Segment Start: Data records
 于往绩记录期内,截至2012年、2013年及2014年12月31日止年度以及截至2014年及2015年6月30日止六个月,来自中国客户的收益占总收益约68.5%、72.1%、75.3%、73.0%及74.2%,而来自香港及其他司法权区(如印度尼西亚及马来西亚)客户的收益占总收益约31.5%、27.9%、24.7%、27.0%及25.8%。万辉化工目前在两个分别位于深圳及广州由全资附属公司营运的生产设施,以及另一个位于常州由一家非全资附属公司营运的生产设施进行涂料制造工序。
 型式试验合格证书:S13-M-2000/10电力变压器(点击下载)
Segment End: Data records
Segment Start: Data records
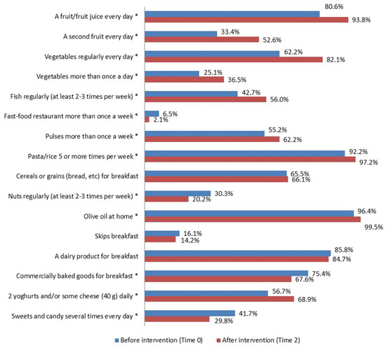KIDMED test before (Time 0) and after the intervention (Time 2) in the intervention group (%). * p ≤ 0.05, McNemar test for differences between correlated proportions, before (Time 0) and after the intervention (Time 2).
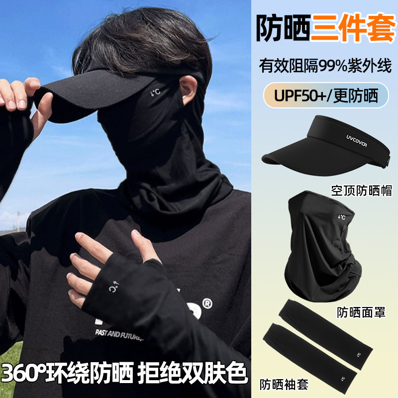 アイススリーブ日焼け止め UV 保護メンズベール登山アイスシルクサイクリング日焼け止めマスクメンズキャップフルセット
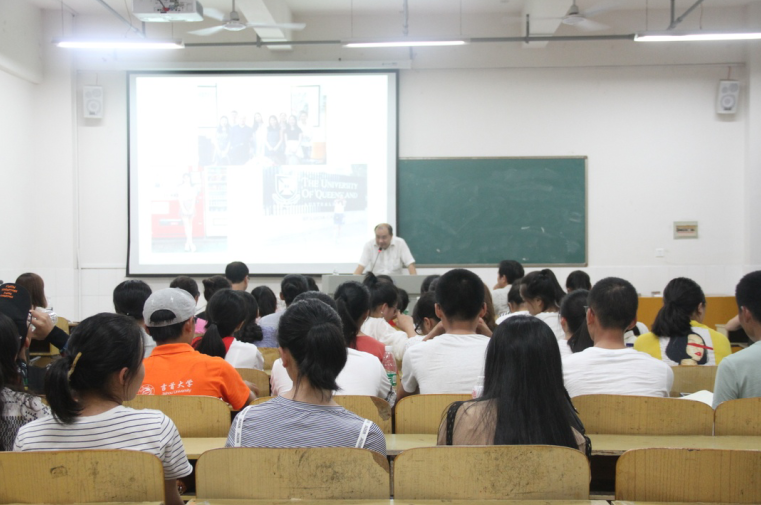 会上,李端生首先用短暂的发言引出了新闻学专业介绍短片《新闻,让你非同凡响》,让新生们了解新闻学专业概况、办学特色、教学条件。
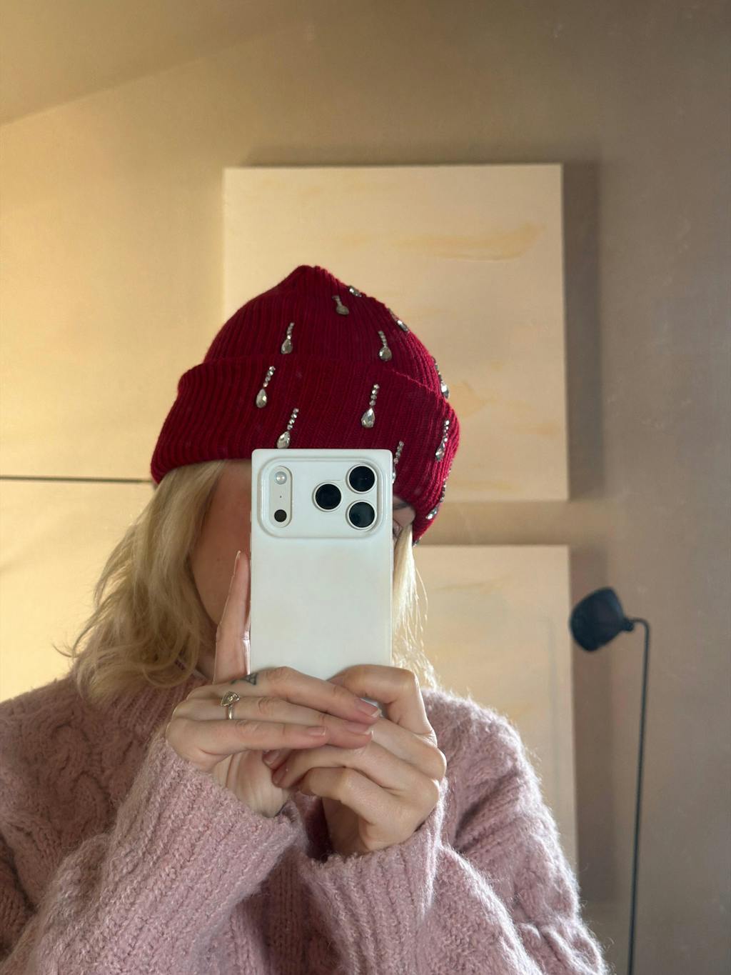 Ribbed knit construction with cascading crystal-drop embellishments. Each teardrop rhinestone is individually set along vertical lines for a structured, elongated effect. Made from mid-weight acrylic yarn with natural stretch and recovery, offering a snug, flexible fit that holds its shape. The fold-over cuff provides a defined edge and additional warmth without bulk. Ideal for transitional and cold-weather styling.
Segment End: Data records
[Work instruction]:
From the records above, transcribe only the stretch from the line with "アイススリーブ日焼け止め UV 保護メンズベール登山アイスシルクサイクリング日焼け止めマスクメンズキャップフルセット" through the line with "Ribbed knit construction", keeping both ends. Omit pictures.

[Response for this exercise]:
 アイススリーブ日焼け止め UV 保護メンズベール登山アイスシルクサイクリング日焼け止めマスクメンズキャップフルセット
 会上,李端生首先用短暂的发言引出了新闻学专业介绍短片《新闻,让你非同凡响》,让新生们了解新闻学专业概况、办学特色、教学条件。
 Ribbed knit construction with cascading crystal-drop embellishments. Each teardrop rhinestone is individually set along vertical lines for a structured, elongated effect. Made from mid-weight acrylic yarn with natural stretch and recovery, offering a snug, flexible fit that holds its shape. The fold-over cuff provides a defined edge and additional warmth without bulk. Ideal for transitional and cold-weather styling.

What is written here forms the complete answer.